Janet Maslin writing in The New York Times, said director Lumet did "a good job of articulating the disillusioning realities of careerism and crime. And he has an ear, as ever, for the disparate voices of the city." She also casually noted that actor Garcia remained "a polite, neutral presence" through "too many moments, particularly during courtroom scenes that have been edited in awkwardly abrupt ways". Roger Ebert in the Chicago Sun-Times referred to the film as "knowledgeable about the city and the people who make accommodations with it. It shows us how boring that obligatory evil kingpin is in so many other crime movies". He explained, it comprises "characters who do wrong and are therefore bad, but it doesn't really have 'villains' in the usual movie sense of the word. It's too smart and grown up for such lazy categories".

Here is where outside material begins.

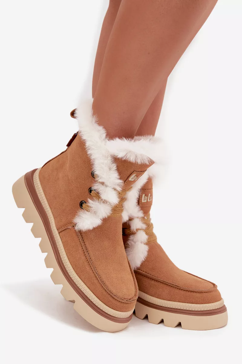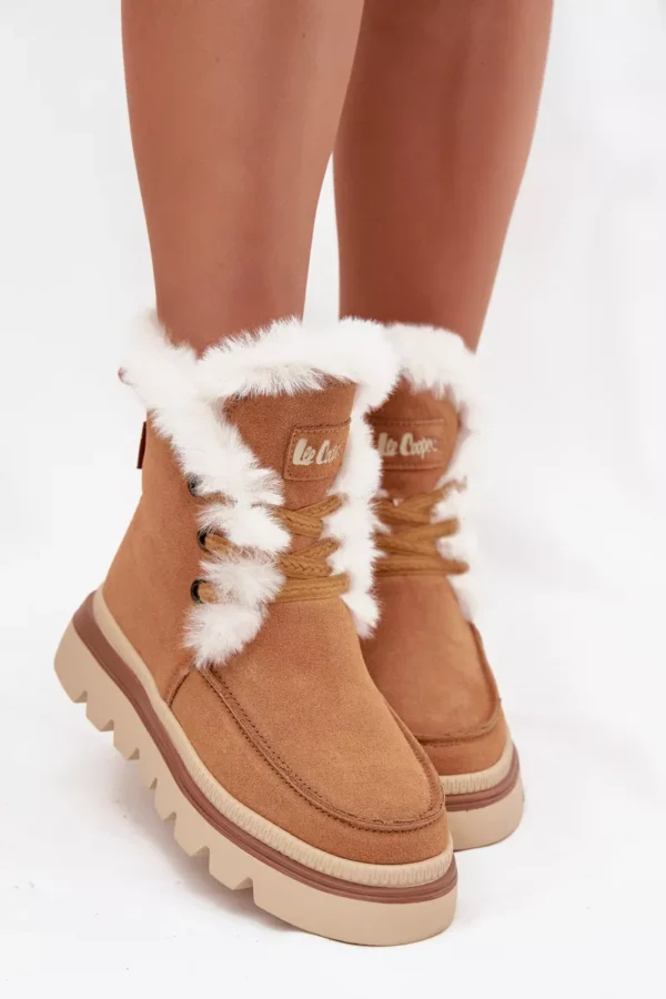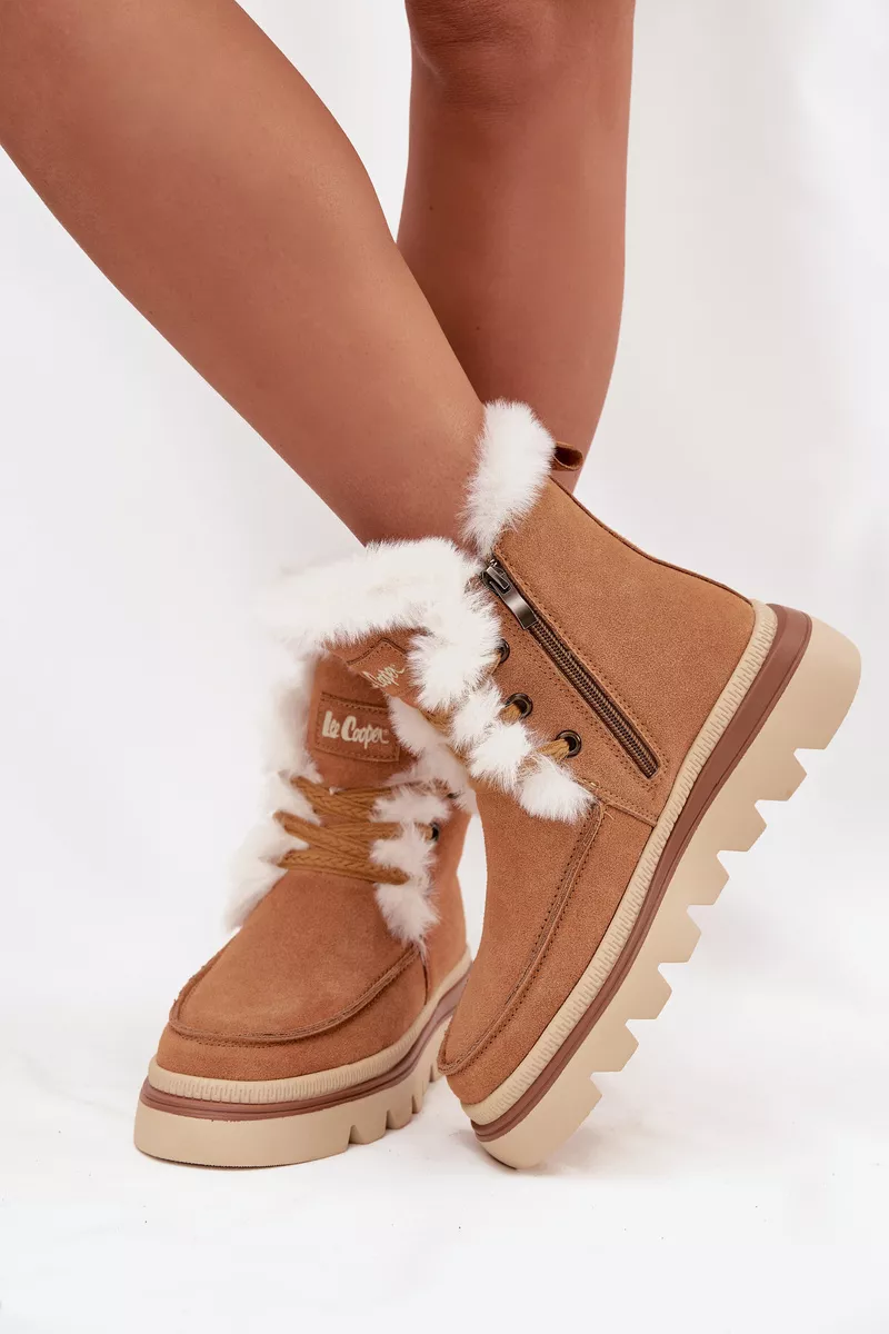 Lee Cooper sieviešu sniega zābaki. Izgatavoti no dabiskas zamšādas. Modelim ir izturīga gumijas zole, kas nodrošina stabilitāti un labu saķeri pat uz slidenām virsmām. Iekšpuse ir odere ar mīkstu kažokādas materiālu, kas nodrošina siltumu un komfortu ziemas dienās. Sniega apavi ar auklām, kas ļauj tos perfekti pielāgot kājai, un rāvējslēdzēju, kas atvieglo to uzvilkšanu un novilkšanu. Ideāla izvēle sievietēm, kas novērtē komfortu, praktiskumu un modernu izskatu – ideāli piemēroti ziemas pastaigām un ikdienas izbraucieniem. Izvēloties izmēru, skatieties izmēru tabulu.

In the San Francisco Chronicle, Peter Stack wrote that "The film's setup is intense, full of fearsome action, a pulse-pumper. But soon it becomes a thinking man's police drama about the political aftermath of the botched drug-lord case." Left unmoved, he declared that although "Lumet and his fine cast play it out in a moody, hard-boiled style, Night Falls on Manhattan falls flat. Owen Gleiberman of Entertainment Weekly, said the film unfolds "less in the gritty world of New York law enforcement than in the implausible tabloid imagination of Robert Daley, on whose pulp novel the film is based." In a slightly negative tone, Barbara Shulgasser of the San Francisco Examiner thought Lumet's "seriousness and simplicity with which he approaches his subject in Night Falls on Manhattan are refreshing even if the vivacity of the thing never really has a chance to develop."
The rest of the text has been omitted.